Gleichzeitig mögen die Russen die Kälte nicht. Meine Frau, die auf Sachalin, einem sehr kalten Ort, geboren wurde, kann Schnee überhaupt nicht leiden. Sie nennt ihn »Faschismus der Natur«. Russen hatten schon immer eine große unerfüllte Sehnsucht nach südlichen Temperaturen. Mit der Zeit entwickelten sie eine Art Wunschdenken: Egal wie kalt es tatsächlich draußen war, das Land tat so, als würden alle von einer inneren Sonne erwärmt stets ins Schwitzen geraten. Überall, in allen Behörden oder Fabriketagen, standen Palmen und ewig grüne Kakteen in großen Töpfen. Die unzähligen Eiskioske, Limonade-und Bierautomaten versorgten die heiß gelaufenen Bürger noch bei minus zwanzig Grad mit Kälte spendenden Getränken und Süßigkeiten. Im allgemeinen Warendefizit waren Sonnenbrillen und leichte Hüte eine Ausnahme, es gab sie überall und bei jedem Wetter zu kaufen. Auch den geliebten Wodka trank man am besten eiskalt, aß dazu ebenso kalte Salzgurken, eingelegte Pilze, Tomaten und Knoblauch und machte es sich auf dem inneren Strand der russischen Seele bequem. Nichts fiel uns einfach so vom Himmel zu außer Schnee, und den Sommer haben wir uns stets mit großer Mühe quasi per Hand gemacht. Deswegen waren diese Sommer die heißesten Sommer meines Lebens. Seitdem vertraue ich diesen leichten südländischen Sommern nicht. Alles Mühelose macht einen misstrauisch, alles, was mit Schweiß und Fleiß produziert wird, zieht die Leute dagegen an.

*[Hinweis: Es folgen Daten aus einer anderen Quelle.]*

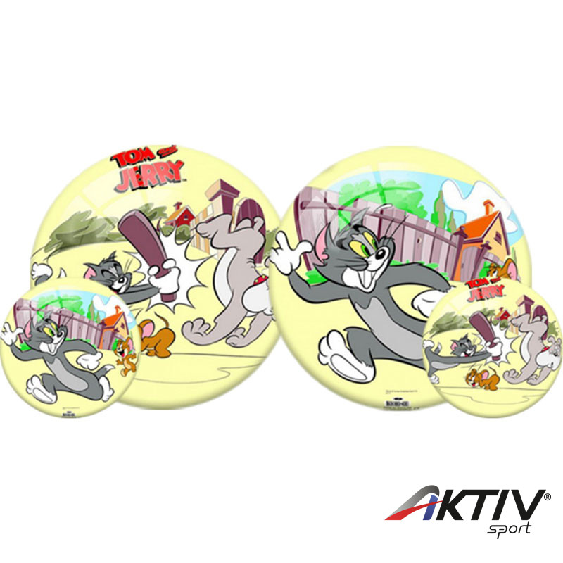 A két mókás jó barát, Tom és Jerry képével díszített gumilabda. Kültérben és beltérben egyaránt használható.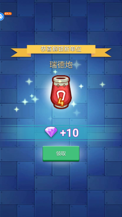 2、解锁新单位,领取奖励,如夜楼炮另外加10颗砖石。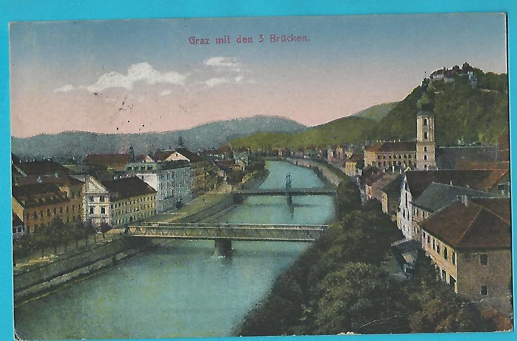 AK Graz mit den 3 Brücken. (1919/20) Gelaufen. Kleinformat. Verlag: Sussitz. Zustand: stärker bestoßen.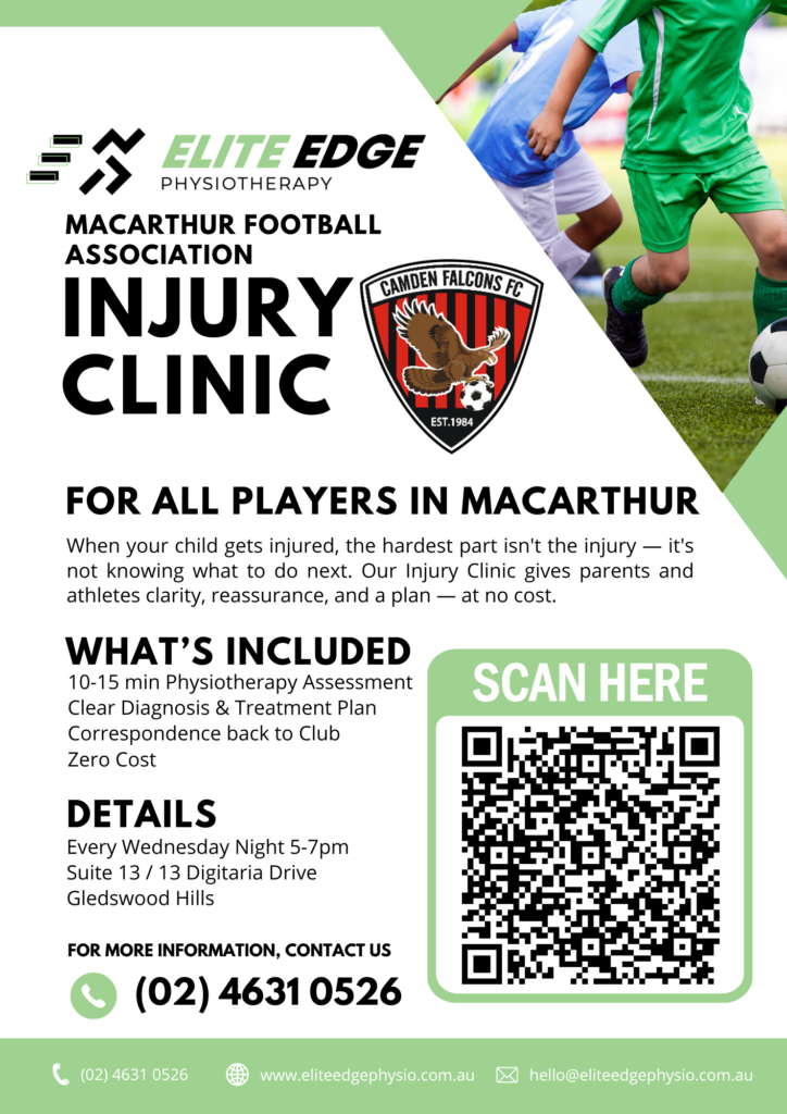 As a proud member of the Macarthur football community, Elite Edge Physiotherapy is committed to supporting the health and wellbeing of local players. As part of this commitment, they are offering a Free Injury Clinic available to all players within the Macarthur Football Association.
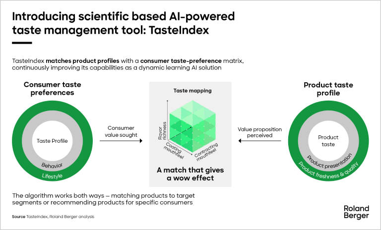 Roland Berger, together with TasteIndex, is helping retailers, foodservice players, and FMCG companies unlock this potential. By connecting taste to consumer segments and emerging market trends, they support businesses in building stronger portfolios, optimizing assortments, and designing go-to-market strategies that resonate more deeply with customers. The result is a new way of working: faster testing at scale, deeper insights into consumer drivers, and data-driven decisions that reduce uncertainty. With richer taste data available, companies can shorten time-to-market, improve the precision of their innovations, and ultimately achieve tangible commercial results, e.g. revenue growth. What was once an art can now become a science - bringing both creativity and certainty to the future of food.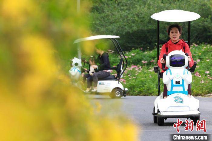 游客乘坐伴游机器人在襄阳月亮湾湿地公园游玩。 杨东 摄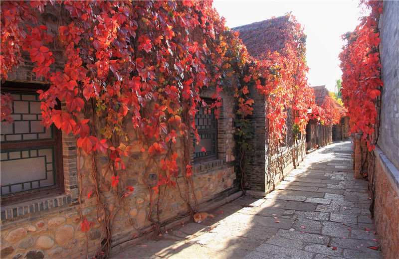 2019年10月30日,北京,古北水镇秋色正浓,随处可见的爬山虎蔓茎纵横,叶子正红,将水镇变成了红叶小镇,美如画卷。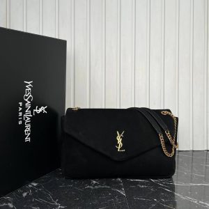 Yves Saint Laurent Kadin canta Calypso Buyuk Boy Suet Yeni Sezon Siyah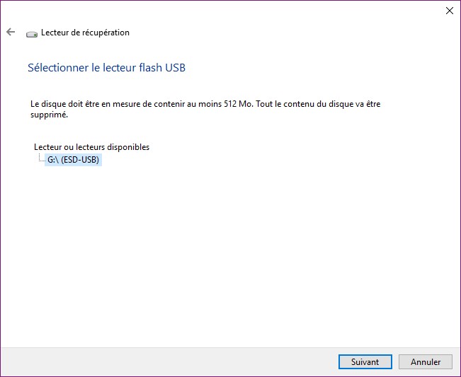 Munissez-vous d’une clé USB d’au minimum 4 Go et connectez-la à l’ordinateur. Attention, toutes les données de la clé seront effacées. Assurez-vous d’en faire une sauvegarde si la clé n’est pas vierge. Cliquez sur Suivant. Au bout de quelques secondes, une boîte de dialogue indique quels supports amovibles sont connectés sur votre ordinateur :
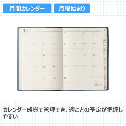 便利なインデックス付きの薄型マンスリー手帳「薄くてもたくさん書ける」ということを追求したカレンダー+メモタイプのダイアリーです。1日の1マスを最大限に大きくし、月と月の間には充実のメモ4ページ。【月間ページ】見開き1ヶ月のベーシックなブロックタイプ(月曜始まり)。見たいページをパッと開けるインデックス付きです。

Auch in Deutschland stimmt diese banale Weisheit. Nehmen wir beispielsweise unseren Bioladen auf der Schönhauser Allee. Dort genießen die Lebensmittel die größte Popularität, die in einem besonders anstrengenden Arbeitsprozess entstanden sind: Joghurts, die in einer brandenburgischen Molkerei von Menschen mit Behinderungen hergestellt werden, und von Invaliden per Hand gedrehte Makkaroni. Mein absoluter Fleißfavorit in diesem Laden ist der Yukatanhonig. Dieser Honig stammt vom nördlichen Teil der Halbinsel. Auf der Honigbüchse steht, dass dieses Produkt überhaupt die einzige Form der landwirtschaftlichen Aktivität in dieser Gegend ist. Wegen der komplizierten Wetterbedingungen blühen dort kaum Blumen, und die Bienen werden ständig vom starken Wind aufs Meer verweht. An solchen Tagen gehen statt der Bienen die Ureinwohner auf Nektarsuche in den Wald. Mit leichtem Summen laufen sie durch die nördlichen Buschwälder Yukatans, tage-, manchmal sogar wochenlang, und sammeln am eigenen Körper die letzten Tropfen des Nektars unsichtbarer kleiner Blüten. Ein Stamm der Maya-Indianer muss wohl eine Woche lang durch die Büsche rennen, um eine Büchse dieses wunderbaren Honigs vollzubekommen. So etwas essen die Menschen in Europa total gerne. Ich habe schon mehrmals gesehen, wie schnell die Yukatanhonig-Regale leer geräumt waren. Fremder Fleiß macht Faule heiß.